_EXERCISE DETAILS:_
Lines from the line with "1) 歷史狀態(tài)日志" to the line with "子ども達は、マラソン大会の試走に大阪城公園に来ました。" in the entries below, and only those, must be output exactly, with both ends included.

_STUDY MATERIAL:_

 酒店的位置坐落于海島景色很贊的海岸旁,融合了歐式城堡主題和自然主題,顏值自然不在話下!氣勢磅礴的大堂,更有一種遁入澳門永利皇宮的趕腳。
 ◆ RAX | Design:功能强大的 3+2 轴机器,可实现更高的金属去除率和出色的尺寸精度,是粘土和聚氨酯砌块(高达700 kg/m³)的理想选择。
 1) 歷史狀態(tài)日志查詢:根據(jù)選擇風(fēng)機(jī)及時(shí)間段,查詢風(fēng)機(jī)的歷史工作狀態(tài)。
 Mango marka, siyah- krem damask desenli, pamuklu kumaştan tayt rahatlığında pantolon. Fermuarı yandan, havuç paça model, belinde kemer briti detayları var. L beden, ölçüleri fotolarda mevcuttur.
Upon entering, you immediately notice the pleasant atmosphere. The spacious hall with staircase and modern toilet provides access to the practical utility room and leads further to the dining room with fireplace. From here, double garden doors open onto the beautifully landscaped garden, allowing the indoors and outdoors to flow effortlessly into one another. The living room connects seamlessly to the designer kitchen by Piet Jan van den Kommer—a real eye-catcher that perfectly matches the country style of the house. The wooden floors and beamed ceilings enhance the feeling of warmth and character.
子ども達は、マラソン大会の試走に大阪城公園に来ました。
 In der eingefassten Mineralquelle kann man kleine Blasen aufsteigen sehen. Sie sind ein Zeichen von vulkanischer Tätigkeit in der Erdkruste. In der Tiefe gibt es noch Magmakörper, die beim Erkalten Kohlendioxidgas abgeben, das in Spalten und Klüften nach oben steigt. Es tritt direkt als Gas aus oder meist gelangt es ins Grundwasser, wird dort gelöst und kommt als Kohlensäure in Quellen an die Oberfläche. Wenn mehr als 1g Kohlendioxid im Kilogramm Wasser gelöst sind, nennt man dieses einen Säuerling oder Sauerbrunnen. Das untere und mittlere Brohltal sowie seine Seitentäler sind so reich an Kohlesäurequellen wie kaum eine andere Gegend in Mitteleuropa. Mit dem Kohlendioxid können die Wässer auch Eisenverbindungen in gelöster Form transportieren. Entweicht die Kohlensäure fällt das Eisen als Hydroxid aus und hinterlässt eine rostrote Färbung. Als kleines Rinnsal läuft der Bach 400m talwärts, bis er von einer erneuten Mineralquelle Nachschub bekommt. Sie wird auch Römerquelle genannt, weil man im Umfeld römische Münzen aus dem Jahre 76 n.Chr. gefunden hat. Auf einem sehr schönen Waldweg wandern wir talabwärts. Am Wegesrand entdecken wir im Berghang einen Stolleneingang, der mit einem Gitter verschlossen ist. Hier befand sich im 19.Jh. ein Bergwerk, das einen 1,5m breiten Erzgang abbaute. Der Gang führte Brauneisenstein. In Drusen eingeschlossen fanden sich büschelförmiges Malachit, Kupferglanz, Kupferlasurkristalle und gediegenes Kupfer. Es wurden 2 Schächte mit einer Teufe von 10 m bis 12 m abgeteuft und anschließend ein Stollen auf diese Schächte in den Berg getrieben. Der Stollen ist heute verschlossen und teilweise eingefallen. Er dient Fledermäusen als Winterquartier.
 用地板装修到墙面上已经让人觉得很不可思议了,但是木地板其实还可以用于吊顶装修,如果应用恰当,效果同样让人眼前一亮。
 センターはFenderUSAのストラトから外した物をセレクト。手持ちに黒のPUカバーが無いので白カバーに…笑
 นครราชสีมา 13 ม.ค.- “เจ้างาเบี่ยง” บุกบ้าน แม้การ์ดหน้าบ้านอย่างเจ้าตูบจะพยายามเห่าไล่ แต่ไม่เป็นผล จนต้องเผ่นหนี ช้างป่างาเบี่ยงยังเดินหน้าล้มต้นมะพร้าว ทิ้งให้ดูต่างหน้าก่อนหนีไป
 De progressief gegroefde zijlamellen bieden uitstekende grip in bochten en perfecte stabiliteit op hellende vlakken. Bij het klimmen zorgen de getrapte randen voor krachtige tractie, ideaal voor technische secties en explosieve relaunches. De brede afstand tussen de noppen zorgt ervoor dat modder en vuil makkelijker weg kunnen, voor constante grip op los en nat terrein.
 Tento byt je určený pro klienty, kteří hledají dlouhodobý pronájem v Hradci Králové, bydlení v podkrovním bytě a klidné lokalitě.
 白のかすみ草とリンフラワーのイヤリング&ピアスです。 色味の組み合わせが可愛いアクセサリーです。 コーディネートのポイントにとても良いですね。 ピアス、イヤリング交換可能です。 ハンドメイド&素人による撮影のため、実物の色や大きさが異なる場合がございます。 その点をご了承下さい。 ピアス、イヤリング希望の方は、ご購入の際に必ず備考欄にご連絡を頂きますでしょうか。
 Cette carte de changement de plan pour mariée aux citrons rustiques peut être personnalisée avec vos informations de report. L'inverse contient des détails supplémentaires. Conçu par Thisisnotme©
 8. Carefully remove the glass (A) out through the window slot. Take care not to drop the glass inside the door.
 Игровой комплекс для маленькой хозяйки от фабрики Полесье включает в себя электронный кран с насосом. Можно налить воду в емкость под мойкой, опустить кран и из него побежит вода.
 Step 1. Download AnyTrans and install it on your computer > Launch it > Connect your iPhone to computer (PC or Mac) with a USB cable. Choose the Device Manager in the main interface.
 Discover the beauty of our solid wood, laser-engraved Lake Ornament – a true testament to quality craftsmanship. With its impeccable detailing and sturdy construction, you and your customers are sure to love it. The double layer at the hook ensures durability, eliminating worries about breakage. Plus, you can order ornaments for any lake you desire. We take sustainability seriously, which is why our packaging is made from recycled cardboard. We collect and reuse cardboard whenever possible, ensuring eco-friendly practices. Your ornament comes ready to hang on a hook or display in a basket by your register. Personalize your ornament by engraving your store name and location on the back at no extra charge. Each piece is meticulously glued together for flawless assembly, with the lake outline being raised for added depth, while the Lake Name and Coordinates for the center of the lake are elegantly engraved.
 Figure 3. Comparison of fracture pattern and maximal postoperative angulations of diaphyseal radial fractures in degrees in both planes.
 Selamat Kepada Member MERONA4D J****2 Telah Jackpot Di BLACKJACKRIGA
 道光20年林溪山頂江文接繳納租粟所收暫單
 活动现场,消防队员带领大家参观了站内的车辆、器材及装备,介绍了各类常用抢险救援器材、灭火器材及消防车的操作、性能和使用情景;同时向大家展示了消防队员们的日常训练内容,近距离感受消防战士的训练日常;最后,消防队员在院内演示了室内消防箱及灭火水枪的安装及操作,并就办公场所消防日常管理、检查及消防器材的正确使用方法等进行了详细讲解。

_EXERCISE ANSWER:_
 1) 歷史狀態(tài)日志查詢:根據(jù)選擇風(fēng)機(jī)及時(shí)間段,查詢風(fēng)機(jī)的歷史工作狀態(tài)。
 Mango marka, siyah- krem damask desenli, pamuklu kumaştan tayt rahatlığında pantolon. Fermuarı yandan, havuç paça model, belinde kemer briti detayları var. L beden, ölçüleri fotolarda mevcuttur.
Upon entering, you immediately notice the pleasant atmosphere. The spacious hall with staircase and modern toilet provides access to the practical utility room and leads further to the dining room with fireplace. From here, double garden doors open onto the beautifully landscaped garden, allowing the indoors and outdoors to flow effortlessly into one another. The living room connects seamlessly to the designer kitchen by Piet Jan van den Kommer—a real eye-catcher that perfectly matches the country style of the house. The wooden floors and beamed ceilings enhance the feeling of warmth and character.
子ども達は、マラソン大会の試走に大阪城公園に来ました。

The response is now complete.